The cost to society of Americans living without health insurance could run into hundreds of billions of dollars, according to a new report released by the American College of Physicians (ACP).
ACP’s The Cost of Lack of Health Insurance is a comprehensive analysis of studies that have been done on the direct costs the health sector incurs due to the uninsured, as well as the costs associated with the adverse health implications of living without insurance. ACP released the report to coincide with Covering the Uninsured Week, a nonpartisan campaign to focus attention on the need to secure health coverage for all Americans through a series of events scheduled during the week of May 10-16. ACP is a national supporter of Covering the Uninsured Week.
In terms of direct costs to the health system (in 2001 dollars), the uninsured receive as much as $98 billion in medical care, $35 billion of which is considered uncompensated. Diverse sectors of the health care system bear the direct costs of this care.

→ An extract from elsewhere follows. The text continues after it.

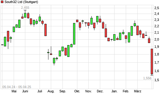 Mit dem Rücksetzer auf 1,61 EUR hat die South32-Aktie (ISIN AU000000S320) am 04.04.2025 ein neues 3-Jahres-Tief erreicht und damit den Kurs vom 28.02.2024 eingestellt.

— Total government spending on the uninsured is about $30 billion a year, representing the bulk of the cost.
— Hospitals provide about $24 billion worth of uncompensated care.
— Physicians spend about $5.1 billion a year caring for patients who cannot pay their bills.
— Employers and managed care companies spend between $1.5 and $3 billion through higher rates to cover part of the $24 billion hospitals spend caring for the uninsured.
These costs are compounded by the adverse health effects of lacking insurance. The resulting inadequate preventive care and delayed treatment the uninsured receive taxes society heavily. The effects include reduced life expectancy, lower workforce productivity, diminished educational attainment, imperiled public health, and the financial burden shouldered by uninsured individuals and communities, according to the report.
ACP’s report references an estimate that the aggregate, annualized cost of diminished health and shorter life span falls between $65-$130 billion for each year of health insurance forgone.
This figure does not include the increased financial risk and uncertainty borne by the uninsured and their families, which is estimated to cost between $1.6 billion and $3.2 billion.
The report found that the estimated value of health gained when an uninsured child or adult is given an additional year of coverage ($1,645 to $3,280) exceeds the estimated annual cost of the additional health care that the uninsured would use if insured ($1,004 to $1,866).
“Critics of universal coverage claim it would be too expensive due to the additional medical care sought by newly insured Americans,” said ACP President Charles Francis, MD, FACP. “The United States already spends hundred of billions of dollars on the uninsured, most of it in a scatter-shot, piecemeal fashion that in no way matches the health and financial benefits of universal coverage.”
The report disputes the high cost of medical services that newly insured Americans would use. It estimates that the uninsured would use about $34-$69 billion (in 2001 dollars) in additional medical care if they were fully insured. This would account for about 3-6 percent of total health care spending. Such an increase in medical spending would increase health care’s share of gross domestic product (GDP (news – web sites)) by less than one percentage point.
“The debate over how to extend coverage to the uninsured must consider both the short- and long-term benefits and weigh these benefits against the expected cost,” said Dr. Francis.
The American College of Physicians is the largest medical specialty organization and the second-largest physician group in the United States. ACP members include more than 115,000 internal medicine physicians (internists), related subspecialists, and medical students. Internists specialize in the prevention, detection and treatment of illnesses in adults.